Through the use of AI-backed virtual reality, medical students also benefit from learning and practicing with more accurate and realistic simulations of operations and procedures based on actual cases.

Finally, by utilizing image recognition software to analyze images with a specific diseases label such as tumors and melanoma, deep learning algorithms can be trained to differentiate between, for example, a malignant carcinoma from a benign seborrheic keratosis. This ability to more accurately screen for diseases at accelerated speeds will boost early detection and thus survival rates.
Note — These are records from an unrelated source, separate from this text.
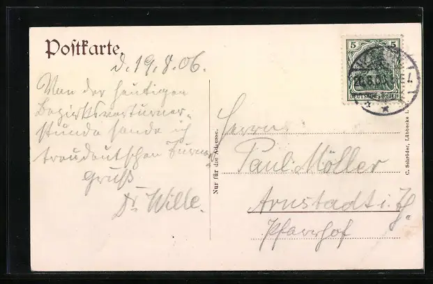 alte Ansichtskarte, gelaufen 1906, guter Zustand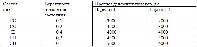 На рассмотрение предложены два инвестиционных проекта. По каж-дому из них сделан прогноз денежных потоков для следующих состояний экономики: нормальное (Н), глубокий спад (ГС), средний спад (СС), не-большой подъем (НП), существенный подъем (СП). Оцен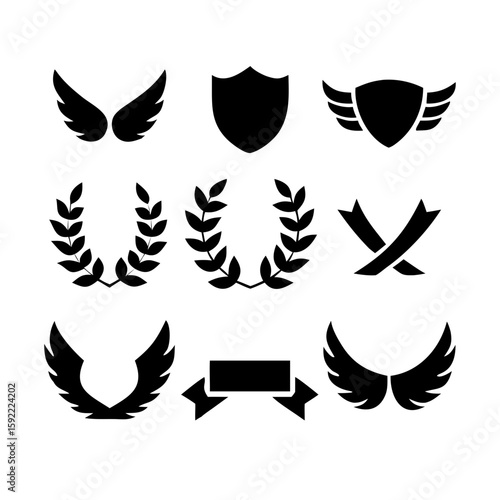 Laurel wreath, shield, wing, ribbon, and banners vector set. Laurel wreaths, shields, wings, ribbons illustration for awards, heraldry, logos, badges, and branding designs .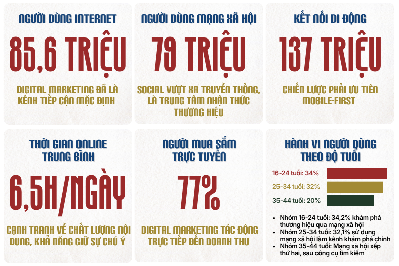 | Người dùng Internet | 85,6 triệu | Digital marketing đã là kênh tiếp cận mặc định |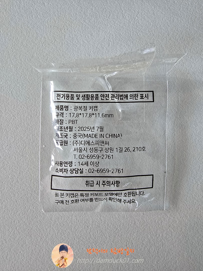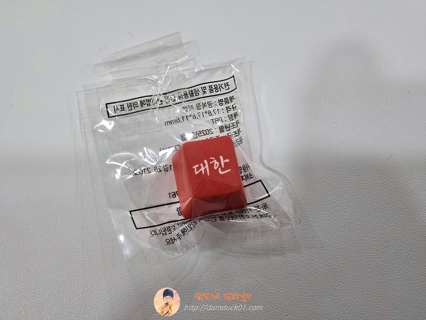그리고 일부러 광복절 기념 도시락을 구매한 이유는 바로 이 도시락에 대한, 독립, 만세, 태극기로 디자인된 키보드 '키캡' 4종이 20만 개 한정으로 제공되기 때문인데 이게 정말 랜덤이면 아예 시도를 안 할 텐데 다행히 도시락을 뜯지 않아도 어떤 키캡이 있는지 확인이 가능하게 디자인되어 있어서 구매하러 간 거지만 하나밖에 없었기 때문에 선택을 할 수가 없었고 그래서 가져온 키캡은 '대한' 키캡입니다.

Protecting EMR data and supporting compliance

As personal medical data becomes increasingly proliferated, cybersecurity will become increasingly important. To protect sensitive EMR data, AI security tools can uncover hidden threats and automate insights to respond to threats at greater speeds and scale. An integrated security framework may offer greater insight, intelligence, and control across an environment, so IT staff can gain greater visibility into who was accessing what resources and the ability to more quickly correlate and analyze log data, and more effectively govern data access, manage mobile devices, and uncover anomalies that may signal a security threat.

Conclusion

In healthcare especially, time is critical. If more effective drugs can be developed faster, critical conditions such as sepsis can be detected prior to organ dysfunction, or if cancers can be identified earlier to give doctors a greater lead time, mortality rates can be reduced — and ultimately, AI will quite literally be a lifesaver

In short, the three key advantages which AI offers are:

  • Availability: An always on, 24/7 backup to doctors
  • Scalability: An infinitely vast knowledge base that taps on the best practitioners everywhere
  • Actionability: A self-learning discovery tool that uncovers hidden signs, symptoms and insights in the data to improve and accelerate decision-making

As the industry restructures and realigns itself to the new paradigm shift, it will be those medical organizations that are integrated, capitated, and technology-enabled that will be best suited to succeed and set the standards in the new health and wellness landscape.